Many major changes will take place on April 1, 2022, which might also influence your online transactions and spending. These changes will affect all bank customers, including senior citizens. Here are four major changes to be aware of.
Tax on PF(Provident Fund)
The Central Board of Direct Taxes (CBDT) has decided to begin implementing Income-tax (25th Amendment) Rule 2021 on April 1, 2021. It signifies that a limit of Rs 2.5 lakh in tax-free contributions is being imposed on the Employee Provident Fund (EPF) account. If the contribution exceeds this amount, the interest income will be taxed.

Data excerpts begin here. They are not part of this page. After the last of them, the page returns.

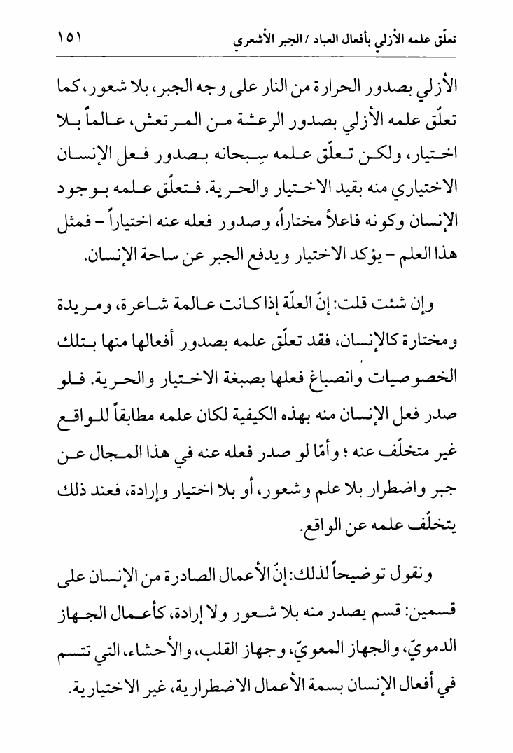 نام کتاب : لب الأثر في الجبر والقدر ، وتليه رسالة أخرى في الأمر بين الأمرين، تقريراً لمحاضرات السيد الخميني نویسنده : الشيخ جعفر السبحاني جلد : 1 صفحه : 151
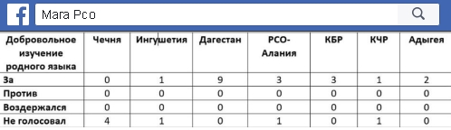 Пользователь Facebook под ником Мага Рсо на своей странице в социальной сети 20 июня опубликовал таблицу с результатами голосования за законопроект о добровольном изучении родных языков представителями республик Северного Кавказа.
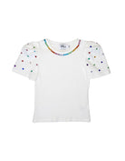 - Elegant and Fun: Ribbed white tee embellished with vibrant rainbow gems along the neckline and sleeves for a sparkling touch.
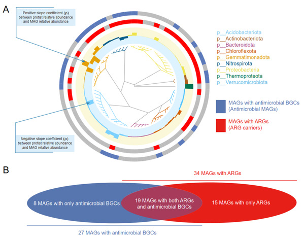 该研究通过多组学分析与室内培养实验相结合,首先对田间土壤样本进行了宏基因组测序分析,发现了土壤原生动物与ARGs直接的线性关系。随后利用宏基因组数据获得了土壤高质量的细菌基因组,并在基因组中识别了潜在的抗生素抗性基因(ARGs)和生物合成基因簇(Biosynthetic Gene Clusters, BGCs),通过这一分析对细菌基因组功能进行了预测,并发现了土壤原生动物丰度与抗生素生产细菌之间呈现显著正相关。此外,室内共培养实验也验证了这一机制,在原生动物捕食压力下,土壤微生物群落中的抗生素生物合成相关基因以及ARGs的表达均显著增加。综合研究结果表明,土壤原生动物捕食使能产生拮抗性次级代谢物的细菌具有竞争优势,从而间接促进了抗生素耐药菌的繁殖。

Savings Accounts For Monthly Income Scheme Interests
The regulations for investing in the Monthly Income Scheme (MIS), Senior Citizen Savings Scheme (SCSS), and Post Office Term Deposit (TD) at the Post Office have also changed. From April 1, the interest amount in these plans will not be accessible in cash.
You'll need to start a savings account for this. Many customers have not connected their post office savings account or bank account with their MIS, SCSS, or TD, as per the Department of Posts, and as a result, interest is not paid.
GST Rules
The CBIC (Central Board of Indirect Taxes and Customs) has cut the turnover limit for e-challans (electronic challans) underneath the Goods and Services Tax (GST) from Rs 50 crore to Rs 20 crore.
Pan-Aadhar Card Linking
Your PAN will become inactive and you will be fined a penalty if you do not link it to your Aadhaar number by March 31. The penalty will be imposed under Section 234H of the Income Tax Act.
The highest price for integrating PAN with Aadhaar after the prescribed period will not exceed Rs 1,000, while the government has not yet set the penalty amount.